Obama declared Friday that he will end combat operations within 18 months but leave as many as 50,000 troops behind for an additional year and half of support and counterterrorism missions. He pledged to withdraw all U.S. forces by the end of 2011, in line with a security agreement that took effect Jan. 1.
Al-Maliki said the U.S. mission in Iraq "will change completely" by the end of August 2010 and the Iraqis would be prepared. "Iraqi security and military systems have proven, through tests, their abilities and capacities in establishing security across the provinces, which qualifies them to take over full security responsibilities from the American forces," al-Maliki said in a statement issued by his office.
Iraqi lawmakers offered a mixed response.

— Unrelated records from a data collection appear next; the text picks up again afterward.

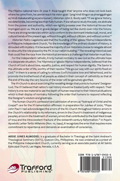 The Book is about the history of struggle for respect of human dignity and freedom against man-made darkness in which I.F.I. is one expression. This book aims to make people see that nation's human struggle is one venue to see the human design, that by it, man is one manifestation of the great Designer/Creator. The hope through it is that 'human history' should be respected and sanctity be preserved; and not be altered by 'propaganda' and lies, instead, record of actuality and of truth in which by honesty liberates the oppressed and the oppressor. Then, we can affirm the truths of Jesus for life. With all "sects" of prosperity, self and of claims today Christianity seems reduced into selective Bible-ism, conversation in the table between pro-imperialist and nationalistic, heavenward and earthward is needed to make sense of Christianity here and now. Jesus said 'Love the Lord your God with all your heart, mind, spirit and strength', man's total being cannot pretend to be spirit only, cannot dictate God to be for spirit and heaven only. 'Historical sense' shaped ecclesiality for the whole global community of all race.
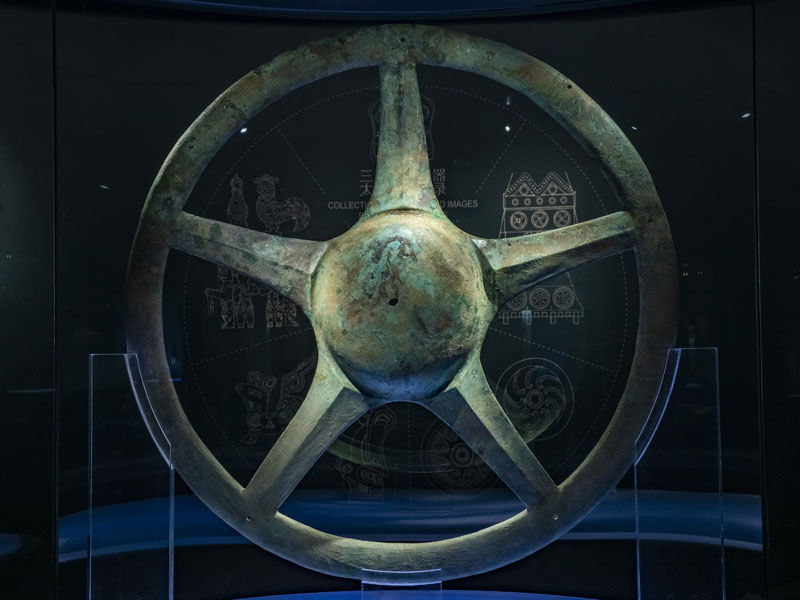 这是在位于四川省广汉市的三星堆博物馆拍摄的1986年出土于三星堆2号“祭祀坑”的青铜太阳轮(3月5日摄)。
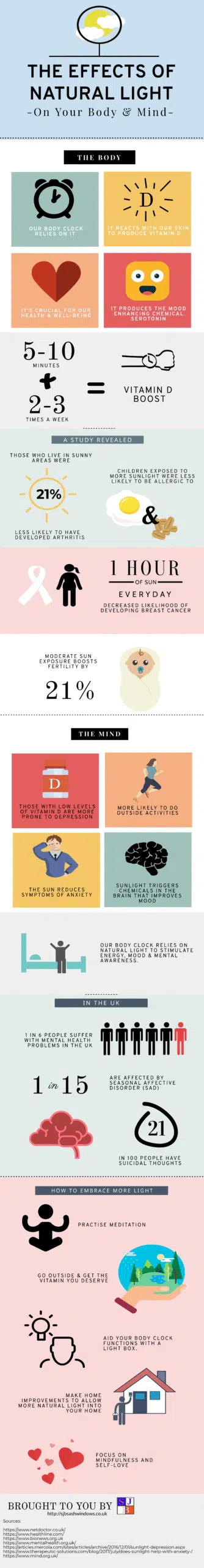 Learn about how increased levels of natural light can positively affect our body and mind with an informative infographic.
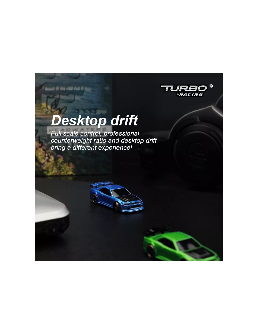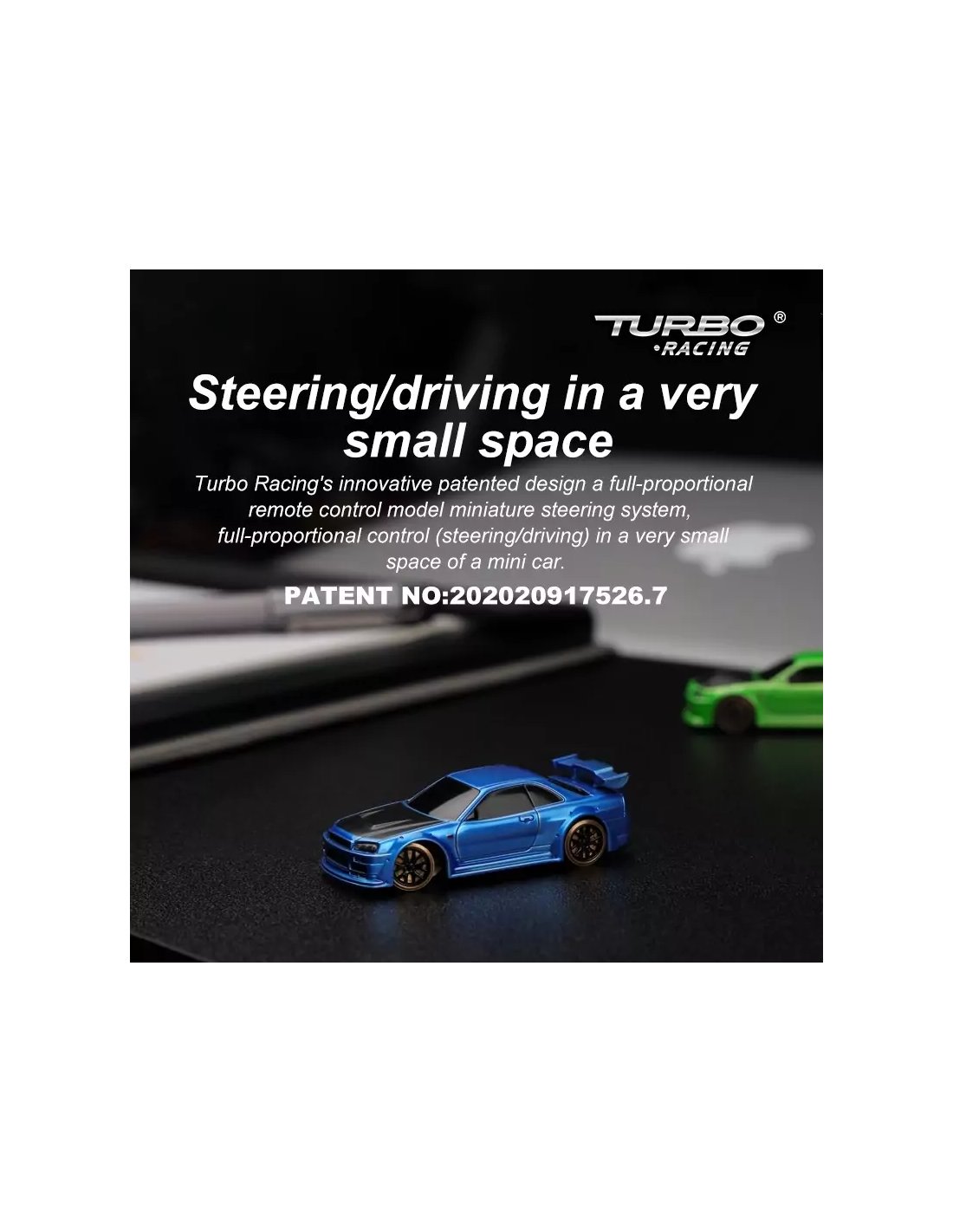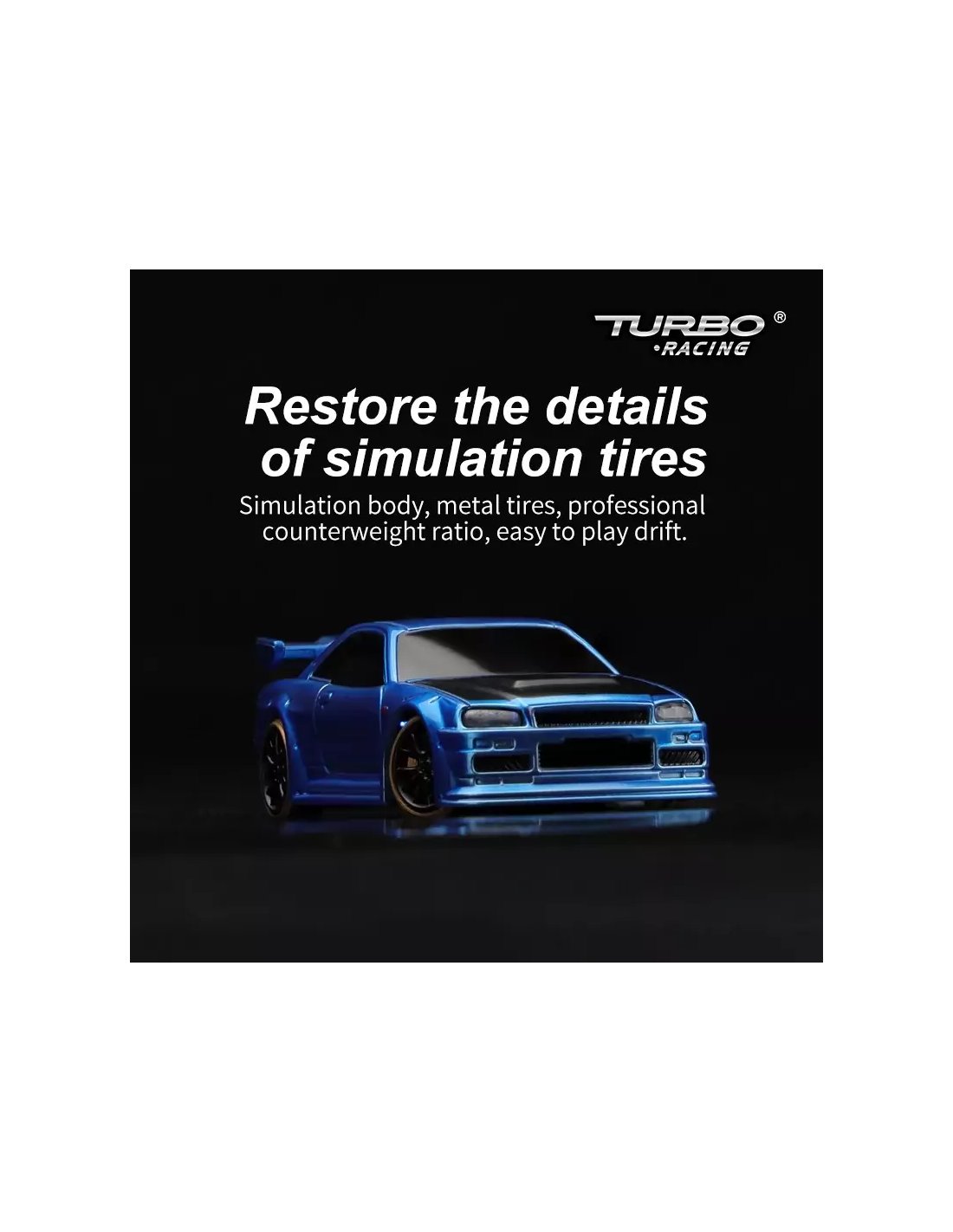 La Turbo Racing est une micro voiture RC au 1/76ème (elle tient sur un pouce de la main). Les commandes sont entièrement proportionnelles et similaires à des modèles de plus grandes échelles. La conduite est bluffante et accessible à tous (néophytes ou modélistes avertis). L'autonomie des voitures est de 40 minutes et la recharge se fait via une prise USB-C qui se trouve sous la voiture. Les Turbo Racing sont des voitures extrêmement fiables et il y a rarement de la casse. On peut rouler sur une table ou un plan de travail. Pour le tracé, il existe des pistes/tapis de différentes tailles mais on peut également envisager de construire et de décorer sa propre piste à la manière d'un train miniature (maquette de bâtiments, végétation, flocage...).
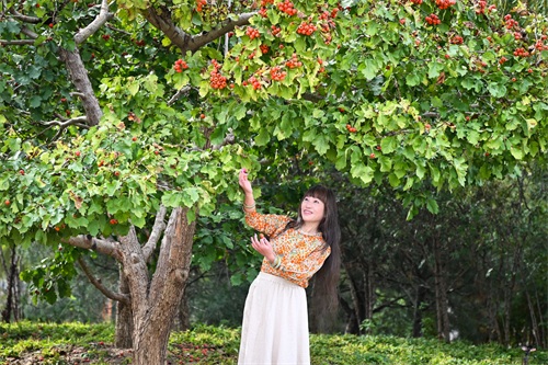 沿着曲折的山路走到半山腰,一片柿子林映入眼帘,现在正是柿子红了的季节,红红的柿子,张开笑脸迎接登山的游客。
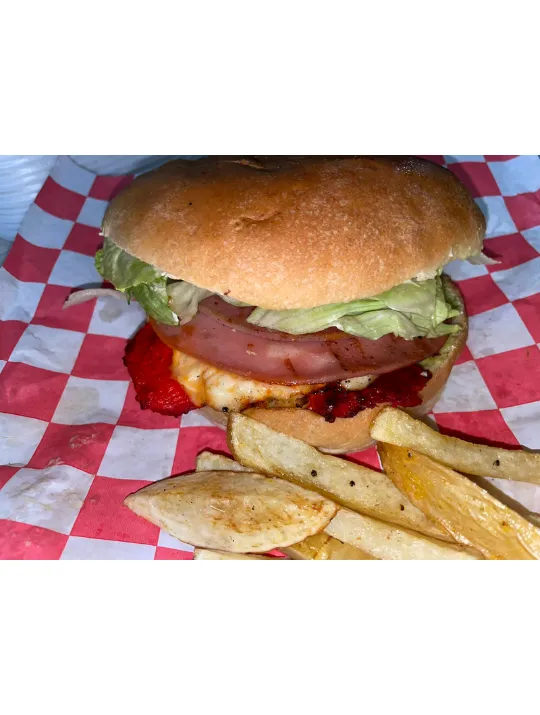 Exquisita hamburguesa de pollo acompañado de papas a la francesa
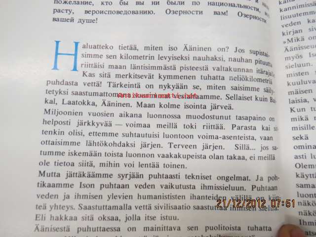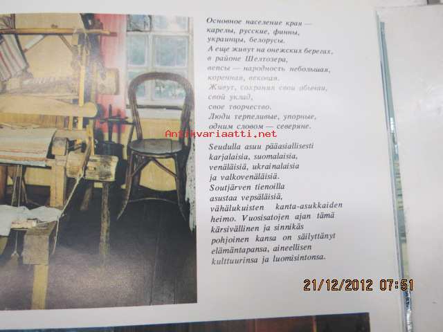 | Saatavilla | 1 kpl | | Julkaisuvuosi | 1988 | | Sivuja | 144 | | Painos | 1. | | Kunto | K3 | | Sidonta/painoasu | Kuvitettu kovakantinen | | ISBN | 5-7545-0096-3 | | Kielet | Suomi, Venäjä |
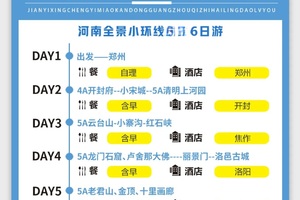 2、因产品为全国大散拼,游客离开河南的时间不尽相同,导游会以最早返程客人的时间安排整团游览时间,一般行程结束时间和地点:郑州火车站16:00后,郑州高铁站17:30后,郑州新郑机场18:30后,请合理安排返程交通。
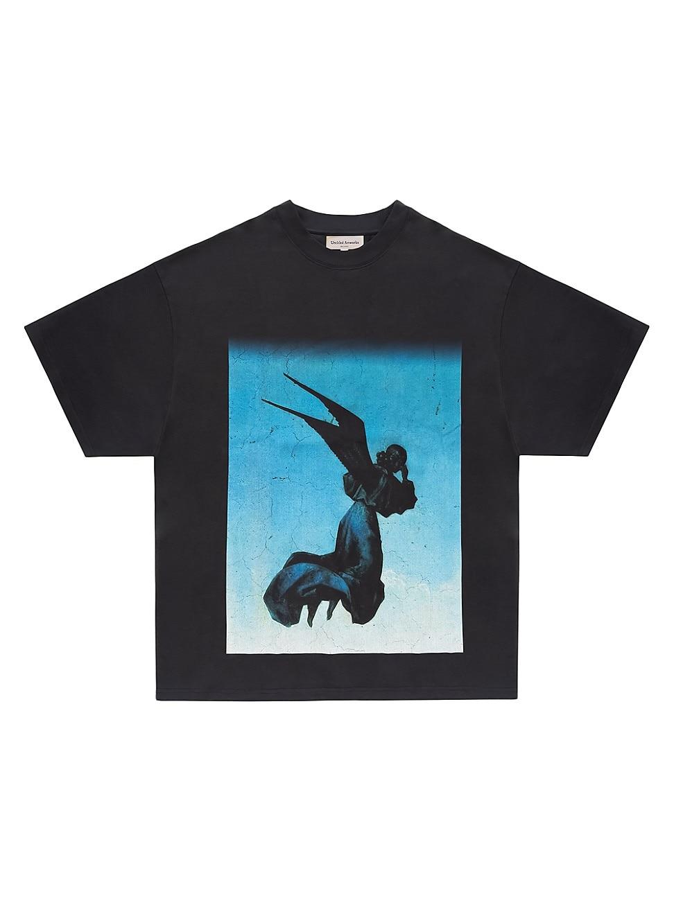 From the The Beginning Is The End Collection. Crafted of washed cotton, the Angel crewneck T-shirt from Untitled Artworks is cut for a wide oversized fit with cropped shoulders. A graphic digital print and logo embroidery at the back collar complete the look. Round collar Short sleeves No stays in collar Finished hem. Bend back hem 100% cotton Machine wash Imported SIZE & FIT Model measurements: 62 tall, 40 chest, 31 waist Model is wearing a US size Medium. Mens Denim & Contemp - Contemporary Tops > Untitled Artworks > Saks Fifth Avenue > Barneys. Untitled Artworks. Color: Black. Size: XXL.

Some followers of anti-U.S. Shiite cleric Muqtada al-Sadr were upset that as many as 50,000 U.S. troops would remain in Iraq. "This matter will be a dangerous as the occupation and control of the Iraqi soil and skies and sovereignty will remain," Sadrist lawmaker Nasser al-Issawi told AP Television News. "We believe the withdrawal must come as a purely Iraqi decision and not be given by the White House as charity," he added. "They have to withdraw immediately to achieve full sovereignty and this is the will of the Iraqi people who are fully aware and capable of taking over."